The Sami and reindeer experience was very much a highlight of my time in Tromsø. Seeing reindeer close-up, feeding them and learning about Sami culture and traditions was wonderful and fascinating. Usually, reindeer sledging is included in this tour, but it was unfortunately cancelled that day due to lack of snow, but that did not ruin the experience.
The friendly Sami people we met were really keen to share their history, traditions, and way of life with others. On this particular tour, you spend time with a Sami reindeer herding family, who have been living and working with reindeer for many generations.
These days, not so many Sami people in Norway live the traditional reindeer herding lifestyle. Many have moved to the big cities like Oslo and Bergen or work as fishermen along Norway’s long and rugged coast.

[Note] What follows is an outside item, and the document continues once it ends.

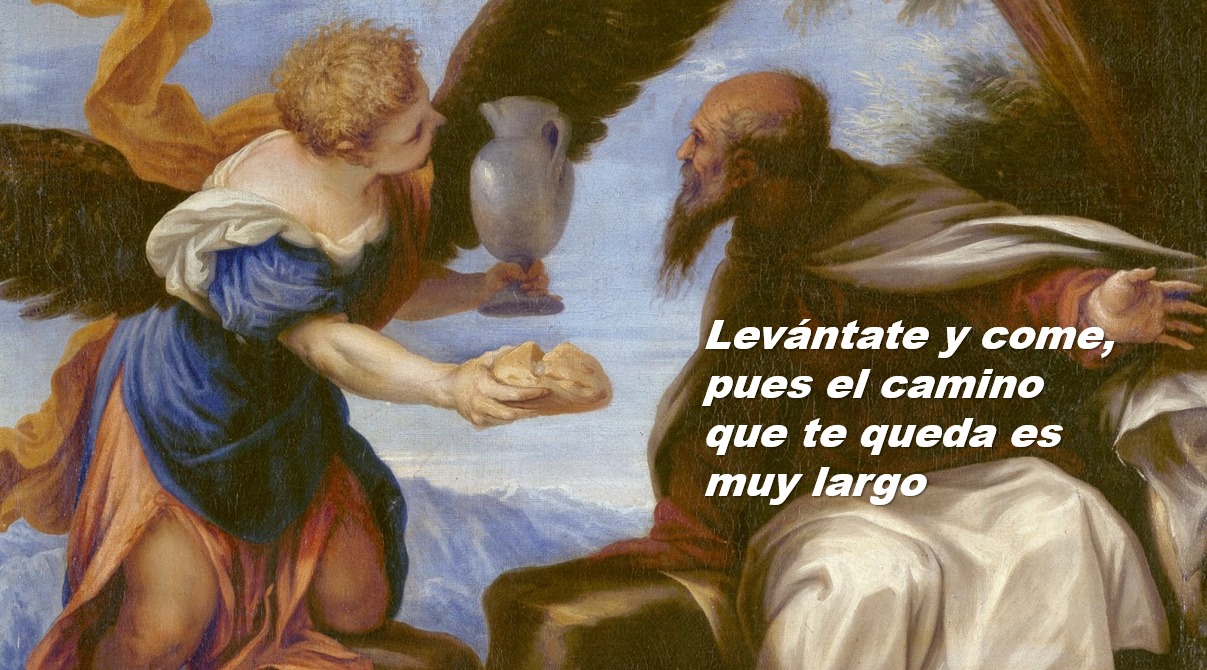 El contexto de la primera lectura, es un contexto de crisis religiosa en el reino del Norte, Israel, el rey Ajab se casó con una princesa fenicia, Jezabel, devota del dios cananeo Baal. El influjo de la reina y permisividad del rey provocó que Dios dejara de tener valor para pueblo, a lo que se opuso el profeta Elías, lo que provoca su intervención y su consecuente persecución y huida hacía el monte Horeb, al monte Sinaí. En su huida y largo viaje, Elías desesperado desea la muerte ¡Ya es demasiado Señor! ¿Toma mi vida, pues no soy mejor que mis padres! La intervención de un ángel del Señor, le proporciona alimento que le proporciona fuerzas para caminar durante cuarenta días y sus noches, hasta el monte donde Dios se reveló a Moisés. El salmo es toda una alabanza a la intervención de Dios “El afligido invocó al Señor, Él lo escuchó y lo salvó de sus angustias” Es una imagen muy viva de que nuestro caminar por la vida, los cuarenta días imagen de nuestro caminar por la vida, camino largo y lleno de suplicas a Dios, y para caminar por la vida nos alimentamos con la eucaristía.

Who Are The Sami People in Norway?
The Sami people of Northern Norway are indigenous people with their own culture, traditions and language. The Sami culture is the oldest in northern Norway, and Sami people have managed to survive living in the harsh environment of the Arctic.
Where Do The Sami People Come From?
The Sami are descendants of nomadic people who have lived in Northern Europe for many thousands of years. The origin of the Sami people is somewhat unclear – some historians believe the Sami were Paleo-Siberian, while others believe they originated from central Europe.
How Many Sami People Are There?
Estimates suggest there are between 50,000 to 100,000 Sami people in the world today -living in Norway, Sweden, Finland, and Russia. About half of all the Sami people live in Norway, and traditionally the Sami people have been reindeer herders.
There are many annual Sami festivals featuring events such as reindeer racing and lasso throwing.
In Tromsø, a week-long Sami festival takes place every year to celebrate the Sami National Day on February 6th. It looks like fun!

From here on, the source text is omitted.